# Model 3 Battery in a Pandemic



## JasonF (Oct 26, 2018)

Because I had been furloughed for a few weeks, and I'm just now resuming work somewhat from home, my Model 3 has unfortunately been spending most of the week in my garage. When it does go out lately, it's usually not for long drives, just for short runs to the few places that have reopened so far. When it's stored, it's in a garage that during the spring/summer months is between 85 and 95 degrees, which according to Bjorn Nyland's videos should keep the battery at its happiest.

Unfortunately the lack of activity seems to have gradually reduced the capacity of the battery. I tried using the low-impact rebalance method - charge above 90% and then let the car sit for a couple of days, which was easy given the circumstances - but it actually _reduced_ the capacity further.

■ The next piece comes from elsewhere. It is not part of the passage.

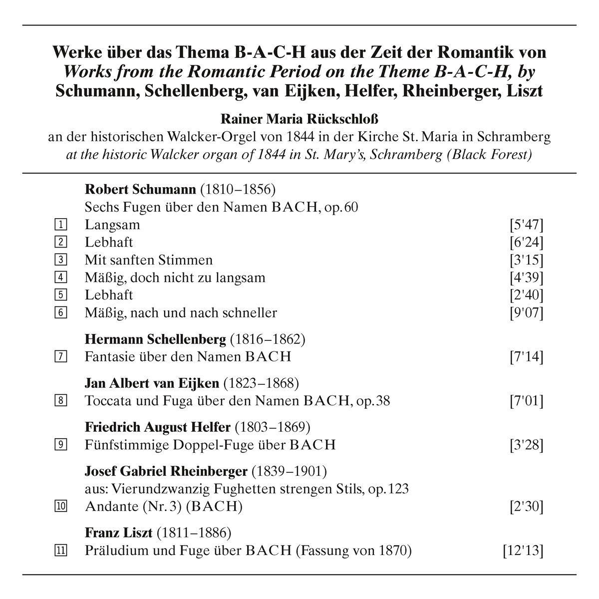 Orgelwerke über das Thema B-A-C-H aus der Zeit der Romantik

It used to average about 285 miles at 90%, now it's averaging 280 instead. I thought perhaps it was just the estimation that changed, but it does seem to top out at 307 miles at 100% - it's supposed to be rated for 325

That means at 2 years old in July, the battery seems to have possibly permanently lost about 6% of its capacity. I believe that's supposed to be considered normal-ish for the first few years of ownership? The alarming part though is just under half of that loss occurred during the last 3 months. It could be a coincidence - perhaps just before the battery loss stabilizes is when it loses the most. And of course, I don't actually know if it will stop there.

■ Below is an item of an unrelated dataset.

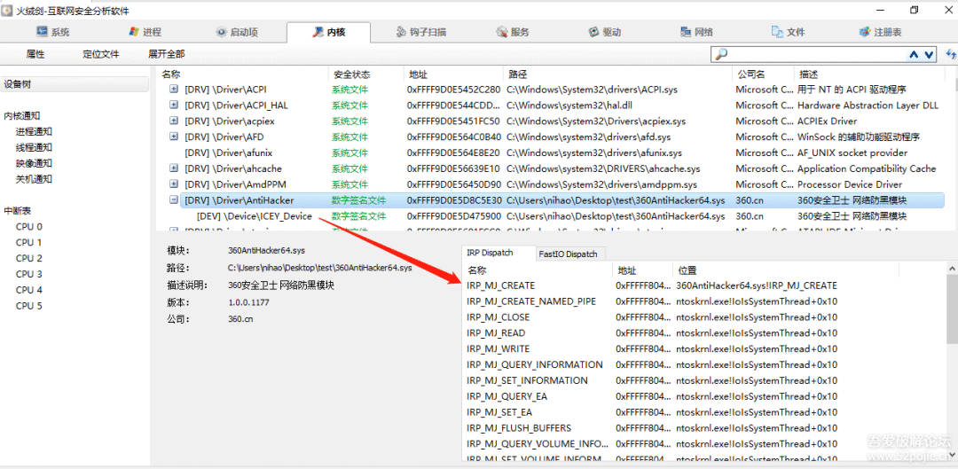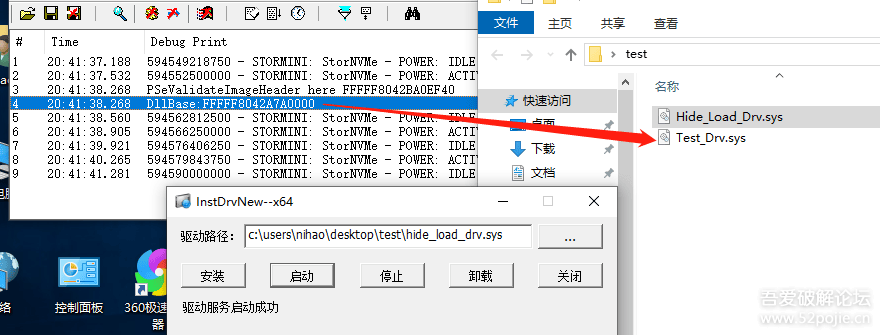 将 Test_Drv.sys 伪装成 360AntiHacker64.sys 。

So I guess the question is...is this in line with what other people are seeing as well, or do I have a problem to solve?


----------



## GDN (Oct 30, 2017)

Been a few discussions about this. I'm not driving much either, and only plug in about once a week, but keep it set to 80%. I really should lower that to 70, but I like to keep enough of a charge to make it easily 100 miles in any direction in any weather to the nearest SC in case of an emergency (my mom is 82 and in Oklahoma - I've had to leave the house in under an hour to make a trip there).

To say the least - I think there could be some SW impact on this too maybe. Either way, I'm not happy with what I've got and I know @MelindaV also has some big range loss. I just ran another report to see what the last couple of months look like and the last week doesn't look good.

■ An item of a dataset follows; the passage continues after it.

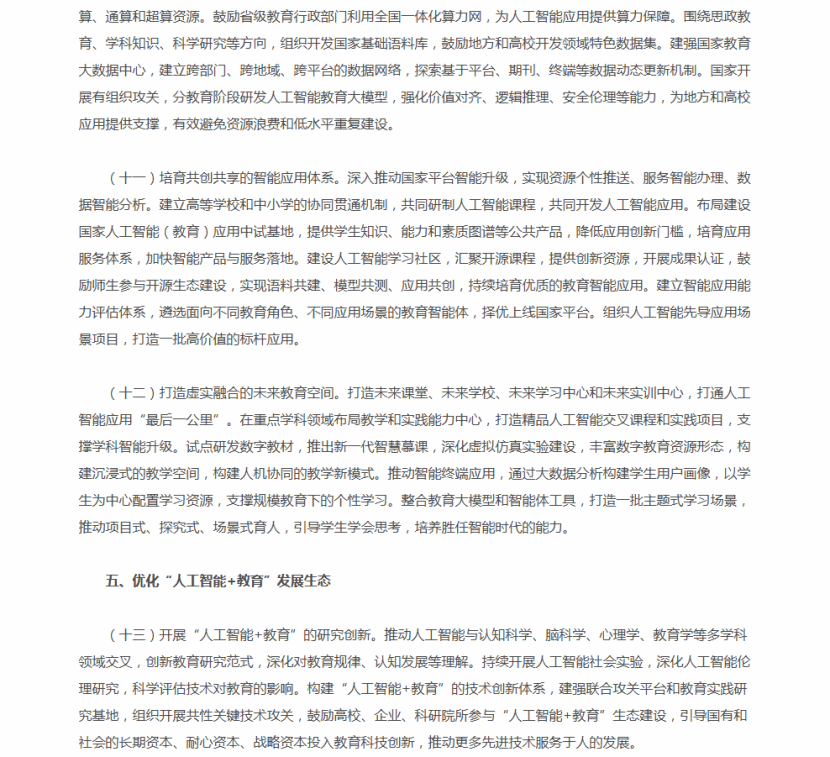 夯实 “人工智能 + 教育” 底层支撑建设国家教育智能算力平台,提供算力、数据、模型等基础服务;培育多元协同的应用生态,建立应用评估机制;打造未来课堂、未来学校、未来学习中心等新型教育空间。

Blow up of the last couple of months:









That last downturn started when 2020.12.11.1 installed on May 4. This is a LR AWD purchased new in 11/2018. So - there is a full 10% loss if you count 310 as total miles, this car never had the bump to 325.


----------



## iChris93 (Feb 3, 2017)

JasonF said:


> I tried using the low-impact rebalance method - charge above 90% and then let the car sit for a couple of days, which was easy given the circumstances - but it actually _reduced_ the capacity further.


Did you try @JWardell's method?


JWardell said:


> Battery balancing will trigger only when over 90% -let's say charge to 92% to be sure, but no need for 95 or higher- and only if the BMS thinks things are out of whack enough to do so. No need to start from 20% or whatever.
> But the calculations and range will not update until after a balance the car then goes for a good drive and gets the battery below 50%.
> After driving below 50% and sitting, parked, not charging, it will start updating the range calibrations. You might even notice it in TeslaFi if you see the range going UP while sitting there parked.


You have to do more than just charge the car for a re-calibration to occur.


----------



## sduck (Nov 23, 2017)

Back in the middle of March, when I started hunkering down at home, and right about when 2020.12.x hit the car, my range dropped a bit, from around 305 to about 295. As this coincided with a software update, I suspect they redid the way range estimates are done slightly. And/or there may be issues with teslafi not getting all the info accurately from the car. 









Since then I've seen it start to rise back up, as I expected it would. A good amount of the regain is from the overall temperatures going up. I've done several other things also - the first big gain was after I managed to drive the car down to almost 0% remaining charge, and then charging to 100%. I also did the mountainpass battery disconnect reset somewhere in there. I also tried the jwardell thing twice (hey - don't mock me - I'm basically unemployed currently, and have too much free time). And something I read - I forget where - but someone contacted tesla service about this issue, and the response was that they are seeing a lot of this, and part of it is that people just aren't running the batteries down enough between charges, and the car is losing track of how much range is available. He suggested charging to 85-90%, then driving normally, but not charging again until you went below 40%, no matter how long that takes. Also, letting the car sit for an hour or more before charging again. And doing this for a long time, not just once or twice. Anyway, I've been doing this, it seems to help.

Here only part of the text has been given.